[Collection entries]
/---

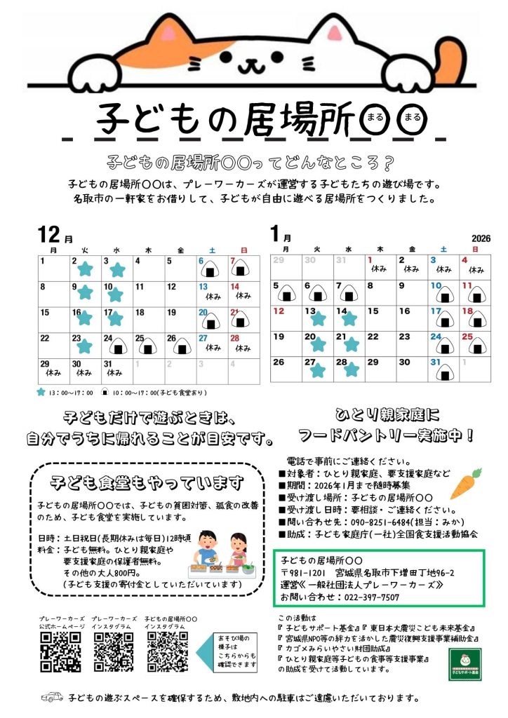 【名取市】子どもの居場所まるまる 12~1月開催日
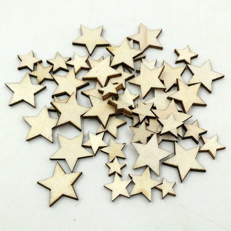 1Pack(100pcs) 5 Sizes Mixed Natural Wood Five-pointed Star Wedding Sewing Scarpbooking DIY Buttons Table Scatter Decoration
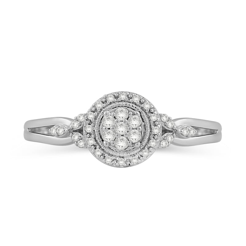 Jewelili 10K White Gold 1/4 CTTW Natural White Round Diamonds Ring
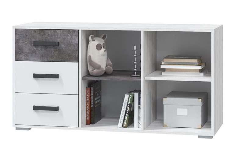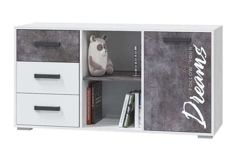 Тумба с дверцей и ящиками Оливер выполнена в современном дизайне и станет одним из дополнительных элементов в детской или подростковой комнате. Модель используется как система хранения различных вещей. Изделие оснащено открытой и закрытой нишами с полочкой и тремя вместительными выдвижными ящиками. -
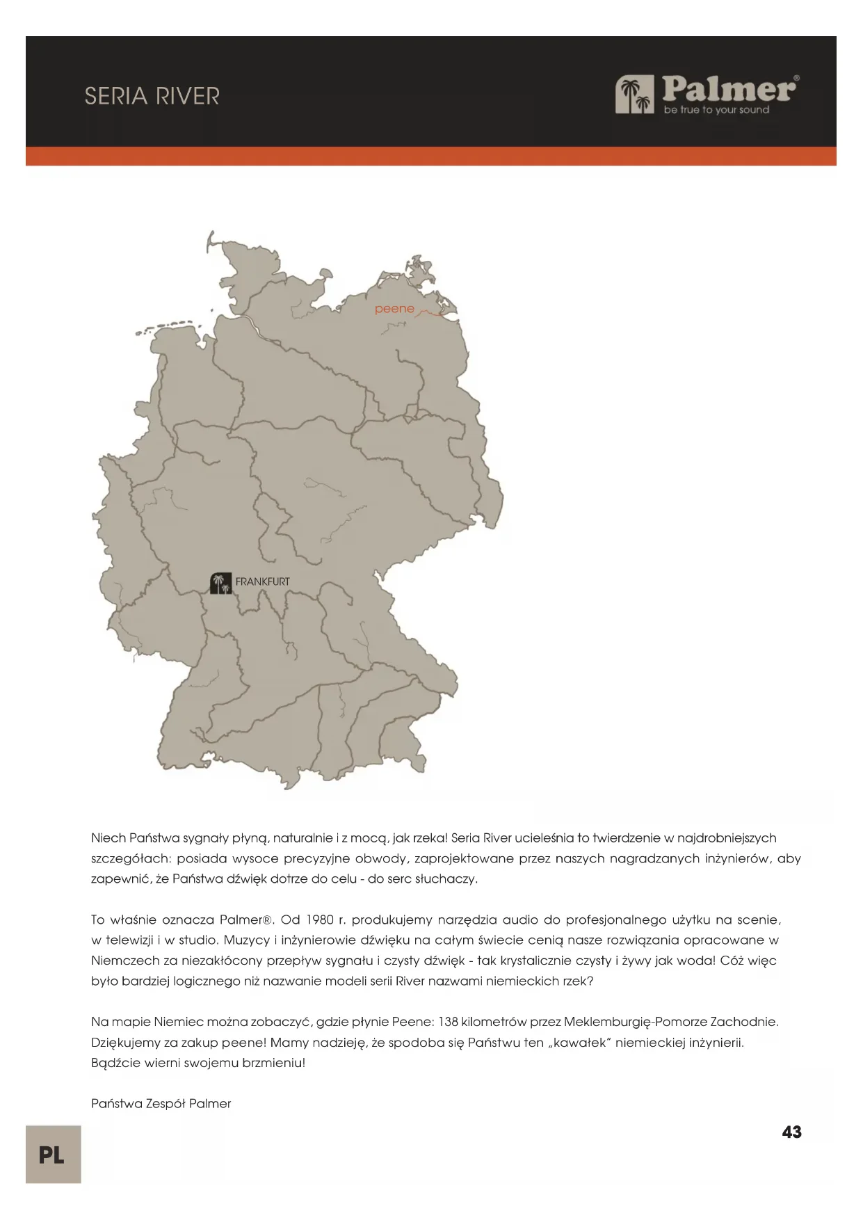 Niech Państwa sygnały płyną, naturalnie i z mocą, jak rzeka! Seria River ucieleśnia to twierdzenie w najdrobniejszych szczegółach: posiada wysoce precyzyjne obwody, zaprojektowane przez naszych nagradzanych inżynierów, aby zapewnić, że Państwa dźwięk dotrze do celu - do serc słuchaczy. To właśnie oznacza Palmer®. Od 1980 r. produkujemy narzędzia audio do profesjonalnego użytku na scenie, w telewizji i w studio. Muzycy i inżynierowie dźwięku na całym świecie cenią nasze rozwiązania opracowane w Niemczech za niezakłócony przepływ sygnału i czysty dźwięk - tak krystalicznie czysty i żywy jak woda! Cóż więc było bardziej logicznego niż nazwanie modeli serii River nazwami niemieckich rzek? Na mapie Niemiec można zobaczyć, gdzie płynie Peene: 138 kilometrów przez Meklemburgię-Pomorze Zachodnie. Dziękujemy za zakup peene! Mamy nadzieję, że spodoba się Państwu ten „kawałek” niemieckiej inżynierii. Bądźcie wierni swojemu brzmieniu! Państwa Zespół Palmer44 peene
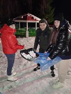 Желая проявить себя в «снежном творчестве», дети решили не дожидаться, когда выпадет снег и дружно принялись за работу. Ребята раскладывали снег по пакетам и получились заготовки для снеговика. Шапочку, шарфик и нос-морковку ребята сшили своими руками.
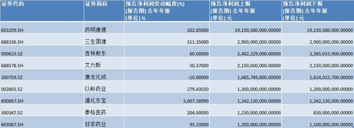 3家药企业绩预增超10倍,药明康德预计净利最高
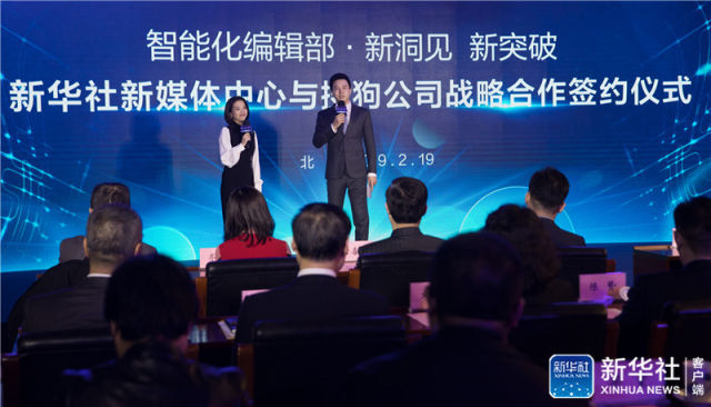2月19日,新華社聯(lián)合搜狗公司在京發(fā)布全新升級的站立式AI合成主播并推出全球首個AI合成女主播。圖為新華社副社長劉思揚(yáng)、搜狗公司CEO王小川共同啟動AI合成主播升級。新華社記者 肖磊濤 攝
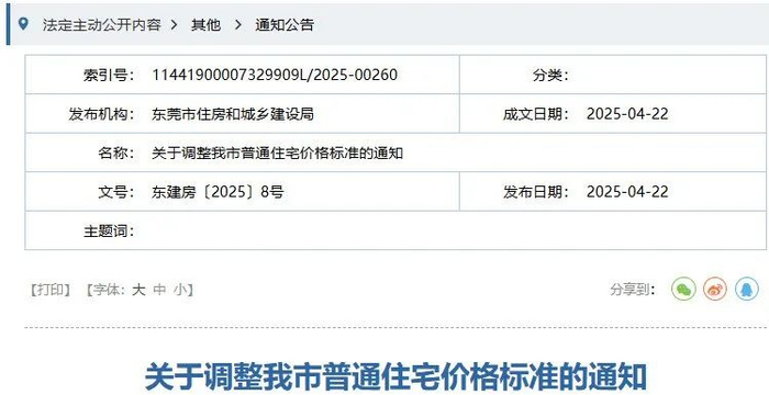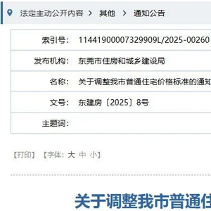 今日(4月22日),东莞住建局发布《关于调整我市普通住房价格标准的通知》(下称“通知”)。
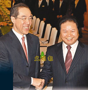 在會議開始前,“兩兄弟”即主動向在場采訪的記者拜個早年,又預期會議定必成功。湯炳權笑說,很高興香港在回歸10周年有輝煌成就,而香港于07年經(jīng)濟又快又好地發(fā)展,人民安居樂業(yè)。他坦言,此際要說的還是以往那一句:“香港好,廣東好;廣東好,香港更好!
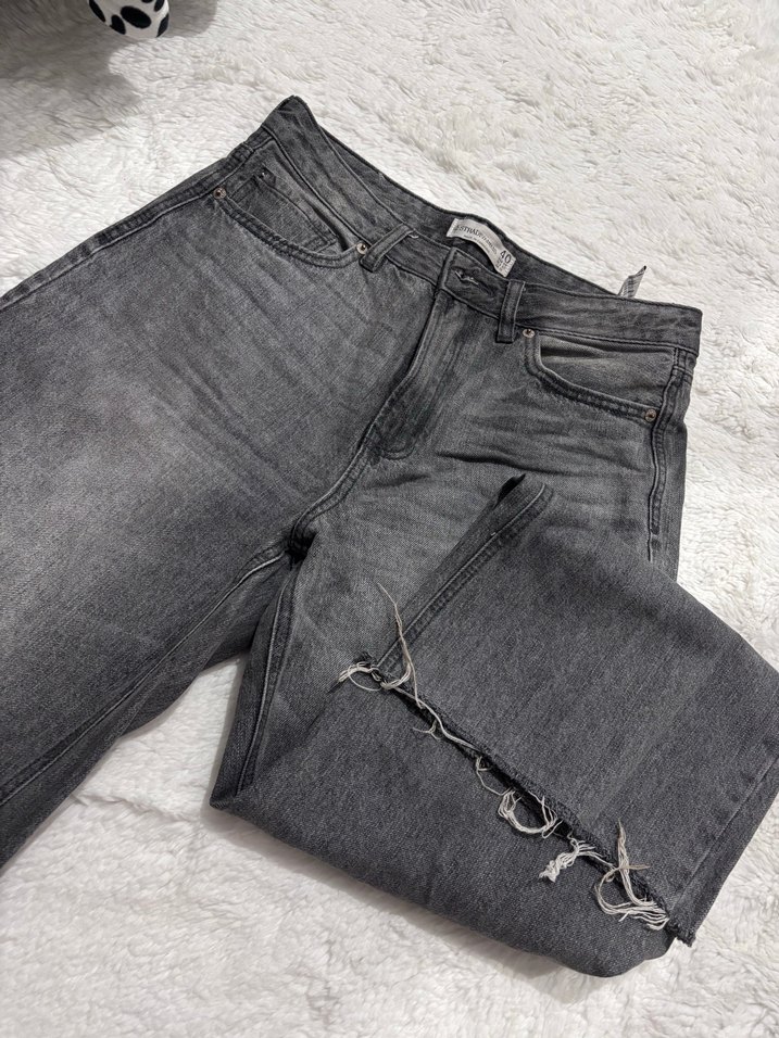 Gri renkli, loose fit kesim kadın denim pantolon. Tokalı detaylı, midi boyda ve sade desensiz tasarım. Günlük kullanıma uygun.
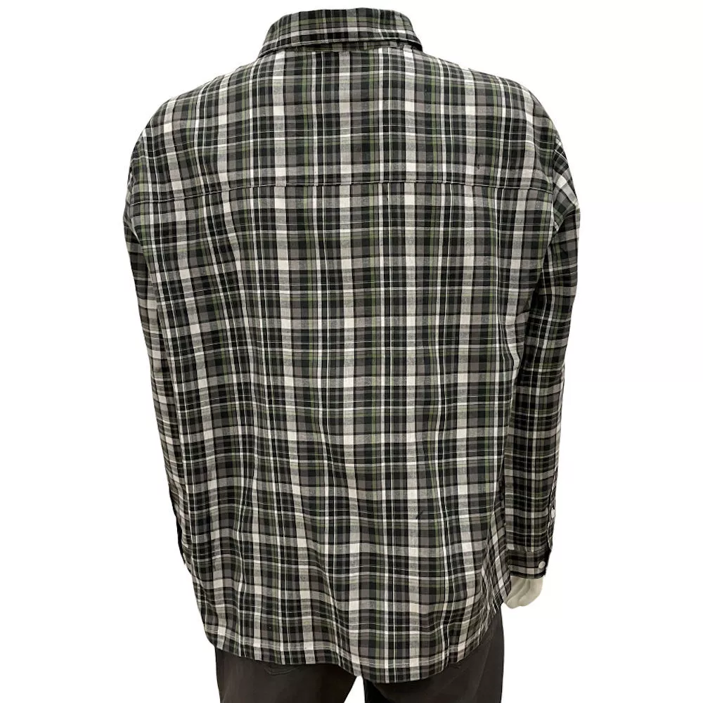 Woodland Creek Men's Long Sleeve Button-Up Shirt in Black & Green Plaid, Medium

\---

Each entry is to be transcribed verbatim, and any picture in it is to be skipped.

▶ EXERCISE RESPONSE:
 【名取市】子どもの居場所まるまる 12~1月開催日
 1Pack(100pcs) 5 Sizes Mixed Natural Wood Five-pointed Star Wedding Sewing Scarpbooking DIY Buttons Table Scatter Decoration
 Jewelili 10K White Gold 1/4 CTTW Natural White Round Diamonds Ring
 Тумба с дверцей и ящиками Оливер выполнена в современном дизайне и станет одним из дополнительных элементов в детской или подростковой комнате. Модель используется как система хранения различных вещей. Изделие оснащено открытой и закрытой нишами с полочкой и тремя вместительными выдвижными ящиками. -
 Niech Państwa sygnały płyną, naturalnie i z mocą, jak rzeka! Seria River ucieleśnia to twierdzenie w najdrobniejszych szczegółach: posiada wysoce precyzyjne obwody, zaprojektowane przez naszych nagradzanych inżynierów, aby zapewnić, że Państwa dźwięk dotrze do celu - do serc słuchaczy. To właśnie oznacza Palmer®. Od 1980 r. produkujemy narzędzia audio do profesjonalnego użytku na scenie, w telewizji i w studio. Muzycy i inżynierowie dźwięku na całym świecie cenią nasze rozwiązania opracowane w Niemczech za niezakłócony przepływ sygnału i czysty dźwięk - tak krystalicznie czysty i żywy jak woda! Cóż więc było bardziej logicznego niż nazwanie modeli serii River nazwami niemieckich rzek? Na mapie Niemiec można zobaczyć, gdzie płynie Peene: 138 kilometrów przez Meklemburgię-Pomorze Zachodnie. Dziękujemy za zakup peene! Mamy nadzieję, że spodoba się Państwu ten „kawałek” niemieckiej inżynierii. Bądźcie wierni swojemu brzmieniu! Państwa Zespół Palmer44 peene
 Желая проявить себя в «снежном творчестве», дети решили не дожидаться, когда выпадет снег и дружно принялись за работу. Ребята раскладывали снег по пакетам и получились заготовки для снеговика. Шапочку, шарфик и нос-морковку ребята сшили своими руками.
 3家药企业绩预增超10倍,药明康德预计净利最高
2月19日,新華社聯(lián)合搜狗公司在京發(fā)布全新升級的站立式AI合成主播并推出全球首個AI合成女主播。圖為新華社副社長劉思揚(yáng)、搜狗公司CEO王小川共同啟動AI合成主播升級。新華社記者 肖磊濤 攝
 今日(4月22日),东莞住建局发布《关于调整我市普通住房价格标准的通知》(下称“通知”)。
 在會議開始前,“兩兄弟”即主動向在場采訪的記者拜個早年,又預期會議定必成功。湯炳權笑說,很高興香港在回歸10周年有輝煌成就,而香港于07年經(jīng)濟又快又好地發(fā)展,人民安居樂業(yè)。他坦言,此際要說的還是以往那一句:“香港好,廣東好;廣東好,香港更好!
 Gri renkli, loose fit kesim kadın denim pantolon. Tokalı detaylı, midi boyda ve sade desensiz tasarım. Günlük kullanıma uygun.
 Woodland Creek Men's Long Sleeve Button-Up Shirt in Black & Green Plaid, Medium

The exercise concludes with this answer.